My roommate and I were talking over dinner and in the topic we were discussing, I mentioned that one of my ex’s I had found out fairly recently had gotten married. This got me thinking about past girlfriends and love interests and one thing I realized… during that time period, I was able to attract some really good looking women.
Such is youth I guess. I had a couple of interests whom I think were way above the level that I could likely get now, or at least that is my perception of things. And I’ll be honest in saying there were a couple more along the same lines that also were interested in me that I never bothered with for various reasons.[1. An example as to why is that one of them smoked, and even back then I had drawn that line that I won’t date smokers.]

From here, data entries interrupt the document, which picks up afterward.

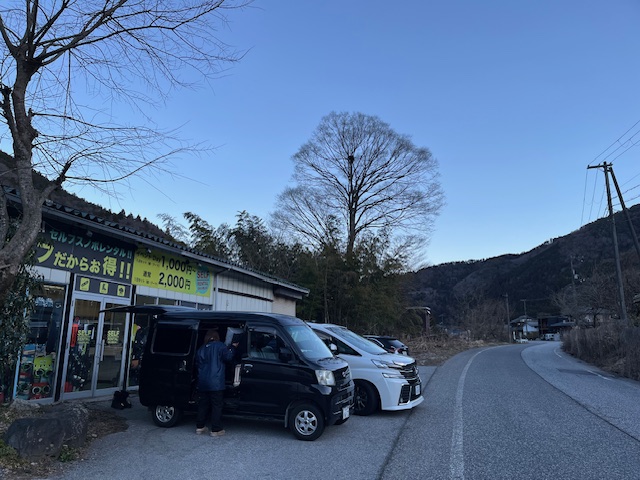 おはようございます。今日も少し気温が緩みましたがそれでもお店下手の道路脇温度計で0℃、今朝もまだまだ寒い朝となっています。今日も早い時間はしっかり暖かい格好でお出掛け下さい。夜中風が強く心配しましたが今の時間穏やかな朝となっています。綺麗に月が見える良い天気を期待させてくれる朝です。画像はこの時期になってもopen前から来店してくれる皆さんが多いですが、本日二番目に到着された大人の男女7人組の皆さんの出発の図、いってらっしゃい。大人のお友達関係良いですね。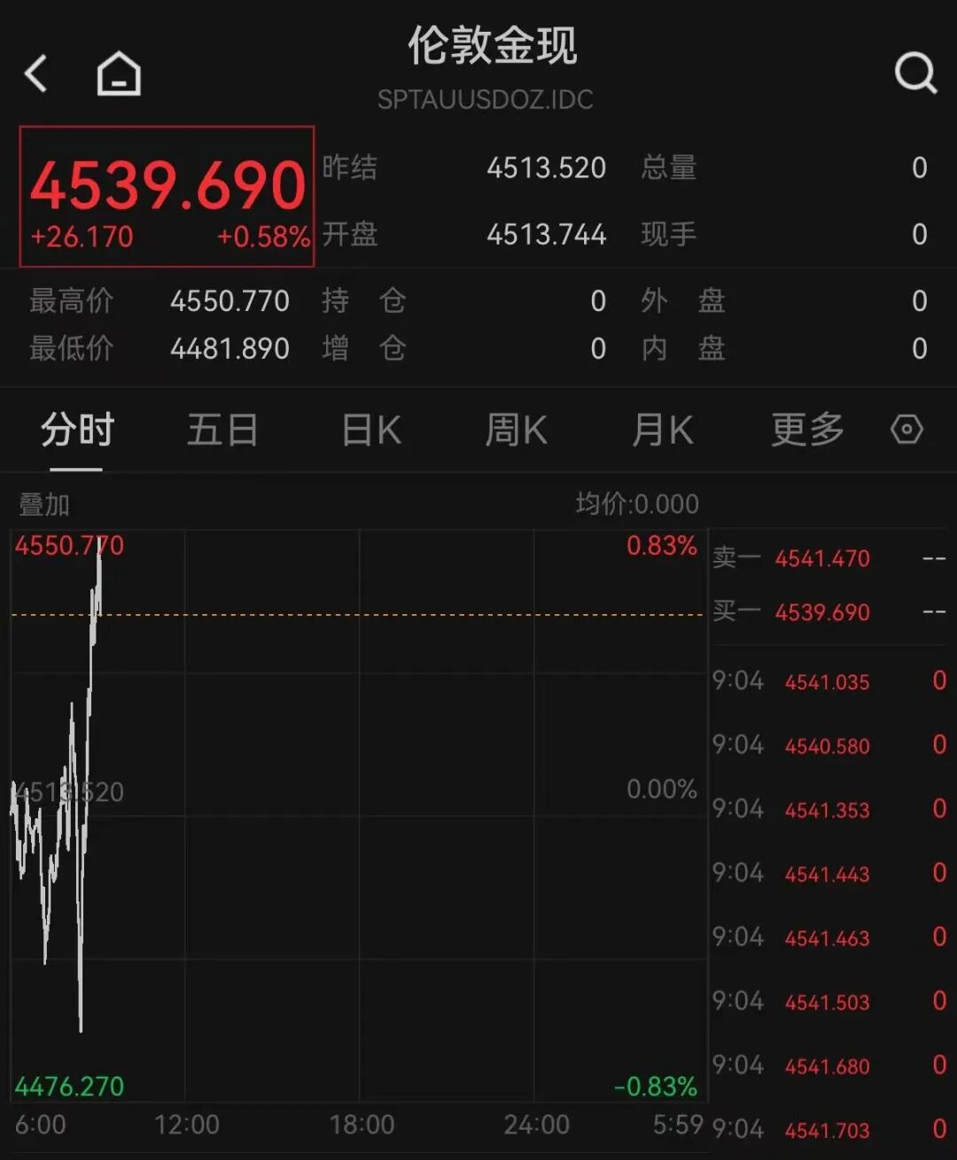 现货黄金向上触及4550美元/盎司,日内涨0.58%。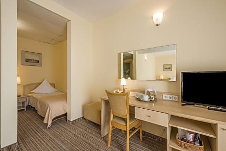 The 3-star Grata by Centrum Hotels front desk is open from 7AM till 3AM every day. It features rooms with free Wifi. All rooms at the Grata by Centrum Hotels are classically furnished and decorated with warm tones. Each comes with tea and coffee-making facilities and a work desk. Front desk staff is available from 7:00AM to 3:00AM every day and can assist with luggage storage and laundry services. Shuttle services can be arranged. Monitored parking in a garage is possible on availability. A buffet breakfast is served every morning in the hotel restaurant. Guests can enjoy a drink at summer garden or lobby fromthe self service bar at the reception. Grata by Centrum Hotels is located 0.6 mi from the Vingis Park and many popular clubs and shops. Vilnius International Airport is only 3.7 mi away.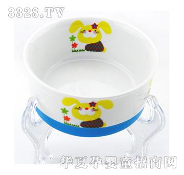 防滑安全儿童陶瓷碗(蓝兔) 产品货号:0200 材料:陶瓷 规格:110mm*50mm 使用对象:3岁以上幼童 宝啦 防滑安全儿童陶瓷碗 1碗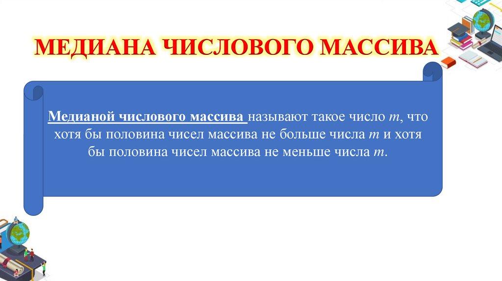 МЕДИАНА ЧИСЛОВОГО МАССИВАМедианой числового массива называют такое число m, что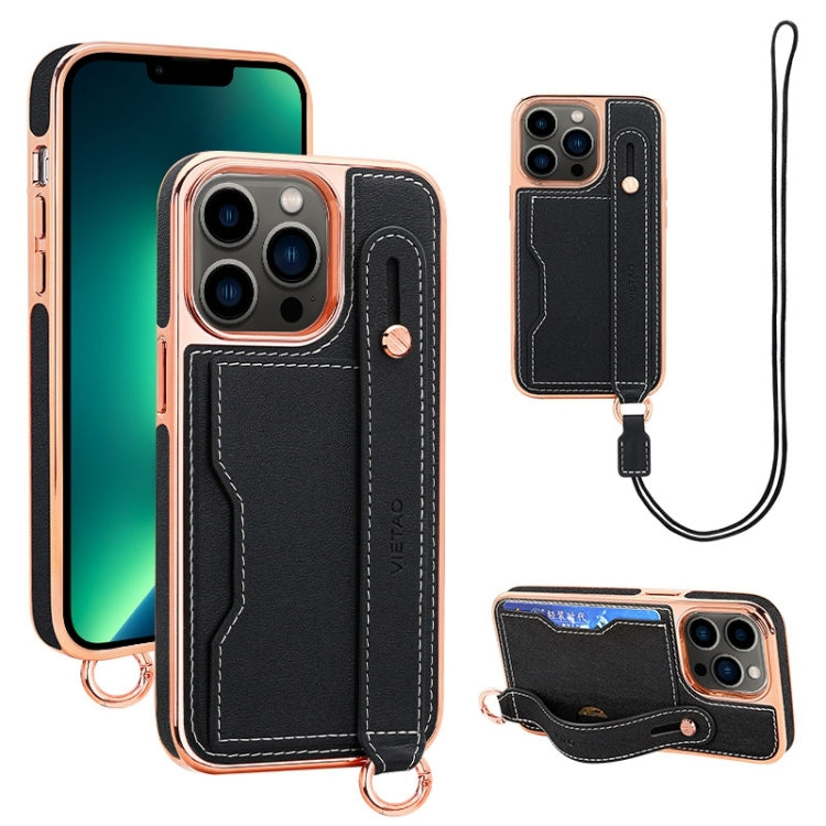 For iPhone 13 Pro Max VIETAO Card Slot Wristband Phone Case with Lanyard(Black)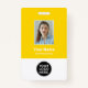 Personnalisez facilement ce badge de nom d'employé en or personnalisé avec une photo et un logo d'entreprise, customisez avec un code à barres sur le dos si nécessaire. Un design d'entreprise simple en or métallique et couleurs blanches, entièrement personnalisable en tailles avant et arrière, sans-serif polices de base et moderne, et un look professionnel et clair. Disponible avec une nacelle, un clip métallique ou un clip rétractable. Pas de commande minimum.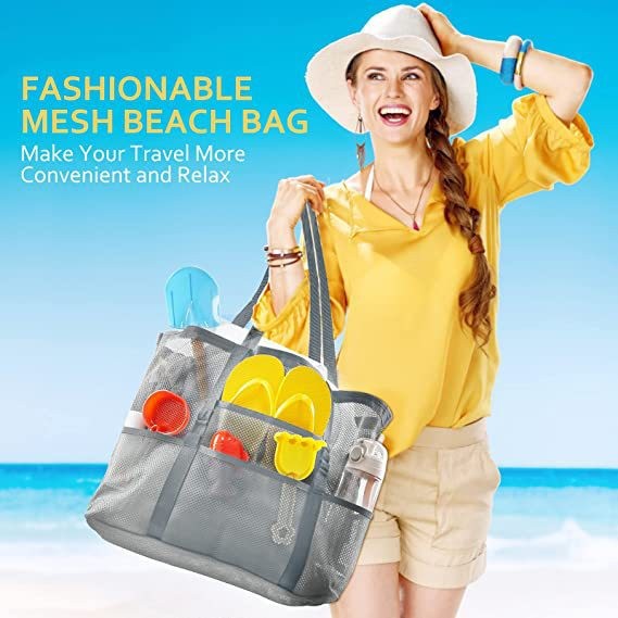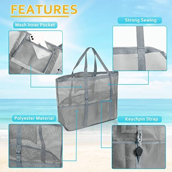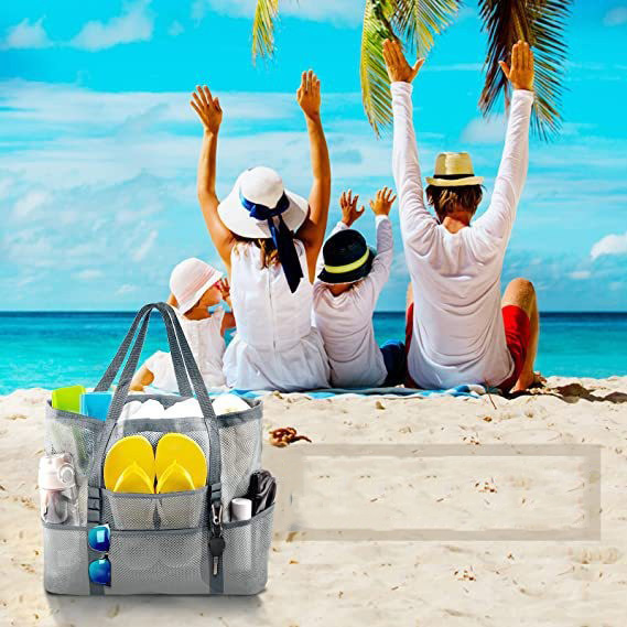 メッシュバッグ 大容量 着替え収納 トートバッグ 多ポケット 折り畳み 手提げ 砂場 海遊び 水泳 海水浴 ビーチバッグ プールバッグ 旅行用 小物入れ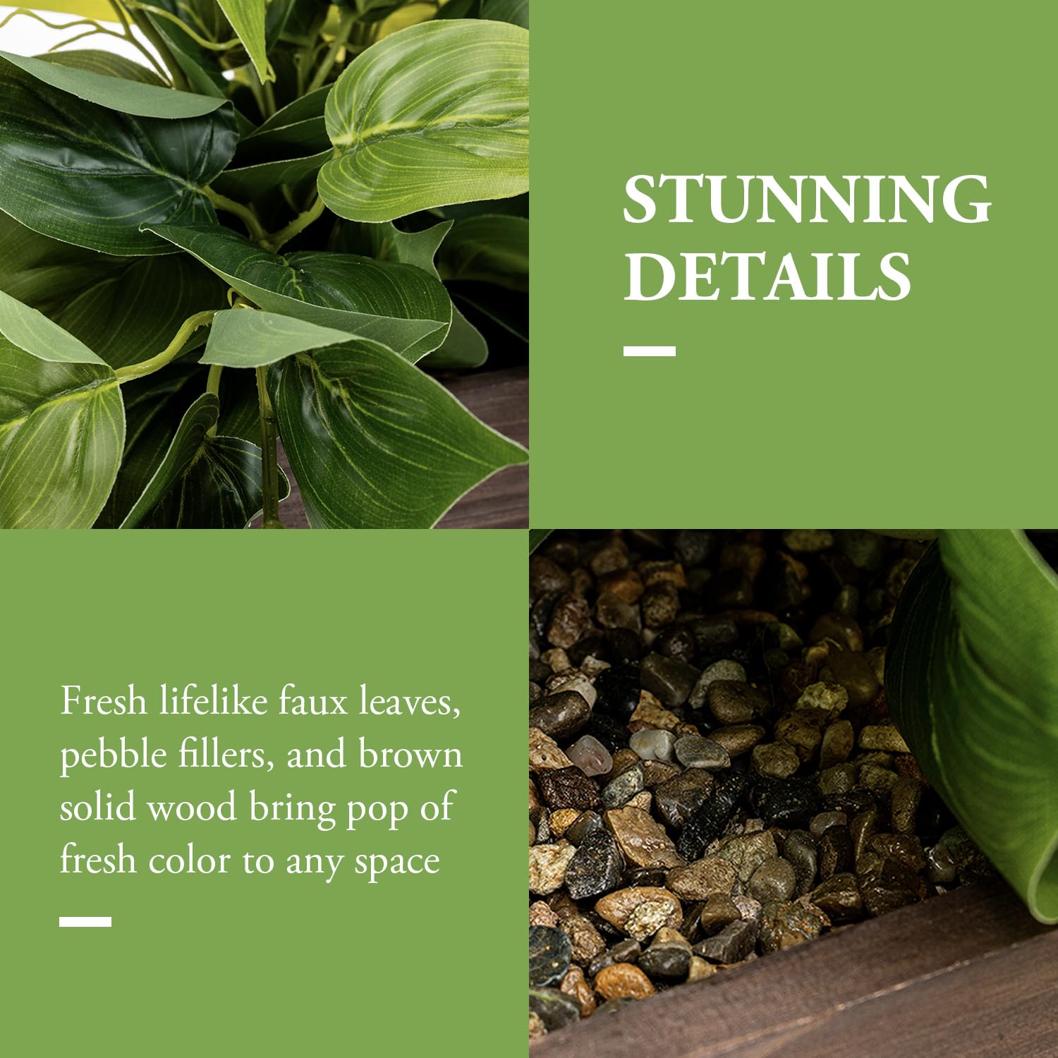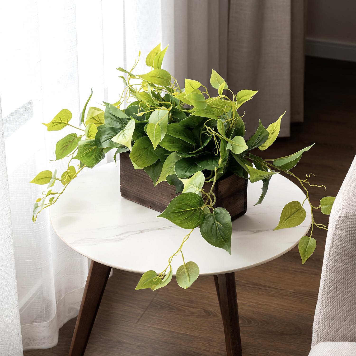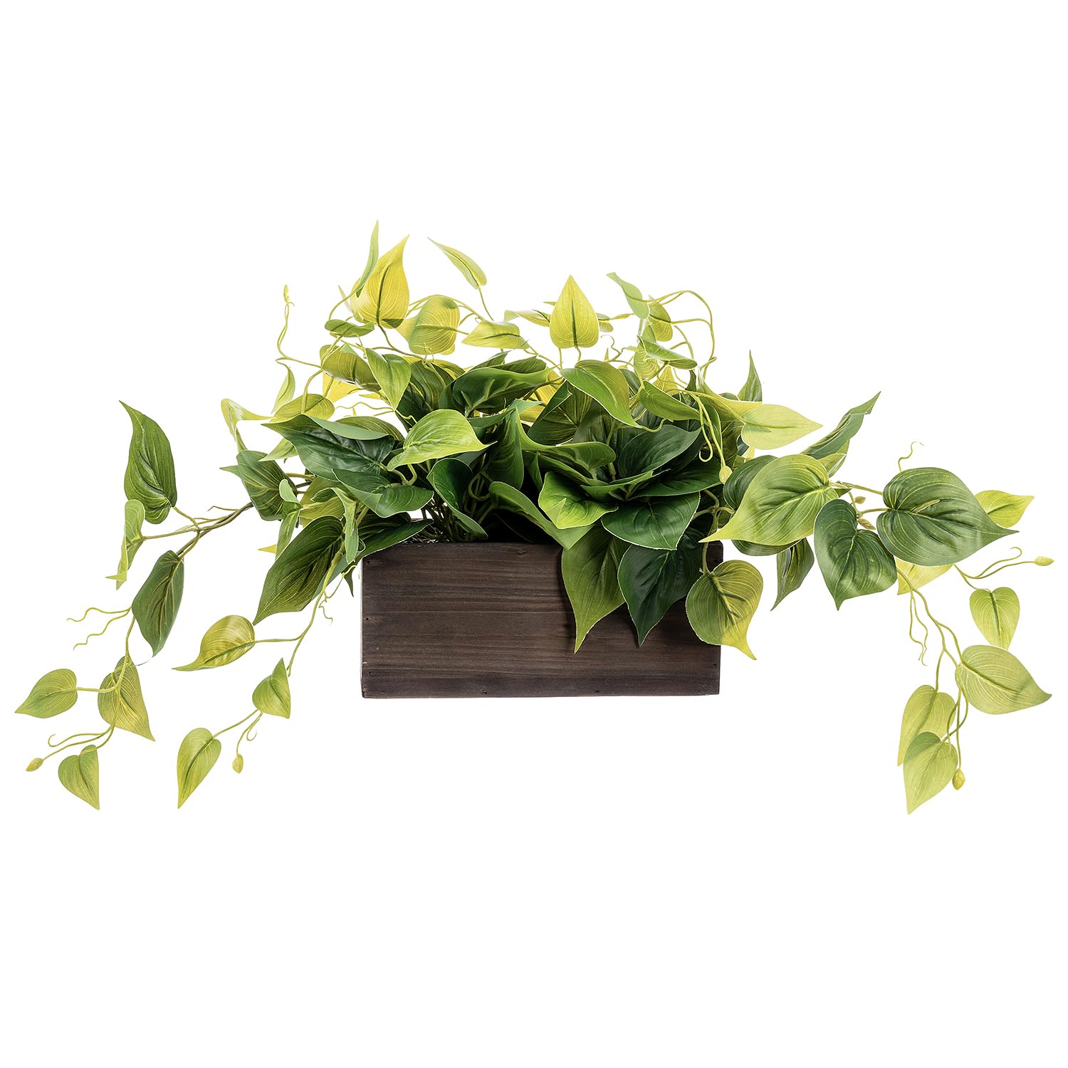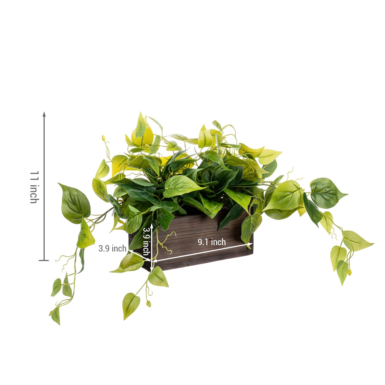 - Decorative artificial pothos tabletop houseplant with lifelike leafy green design and dark brown wooden planter box

Thinking about this makes me think about where I am now. Back then, I was so self-confident, something I lack now. I do weigh a bunch more now, and I think this might be part of it. But I am to the point where I honestly don’t know how to talk to women anymore and I don’t know where to meet them, I know nothing.
And here is this ex (well sort of ex), married with four children. FOUR! I mean good lord. I was shocked by that, still am. I am remember her problems, her issues. She was great and in another situation I probably would have done well with her. I can picture her and I growing older together, probably not with four kids, but I can see it. And it is just weird seeing where she actually is.
I’d like to meet my previous self. To see how I’ve changed. To see what makes me so less desirable to others than now. Maybe I’m not, outside my weight. Maybe that’s just my negativity, hard to tell. I do feel like I’m probably more negative about life now, and I feel like I joke more now, and I definitely feel like I have a harder time now talking to others. Not in the case of being able to talk to them in the first place, but more in the case of when I am talking to someone, I no longer know how to relate. I don’t know what to say next. I feel like I used to be able to do that better. What happened to that? How do I get it back? How do I stop joking about everything? How do I let someone in.
I don’t know the answer to any of that. The only thing I can really control is my weight. At the time, I weighed about 185, this was about 12 years ago… now… I’m up to about 240. Nearing 60 pounds in weight gain. Yikes.
At the time, I worked a job which had me on my feet the entire day, walking back and forth. And then I was also going to the athletic club working out.
I did also dip in weight when I was taking Hepatitis C medicine. I wasn’t eating much and when I was, it just came out right away anyway.
I feel like I need to just stop eating wholesale. I also think I need to take an hour a night to go and workout somehow or somewhere. I need to get my weight down. Maybe the other things will follow.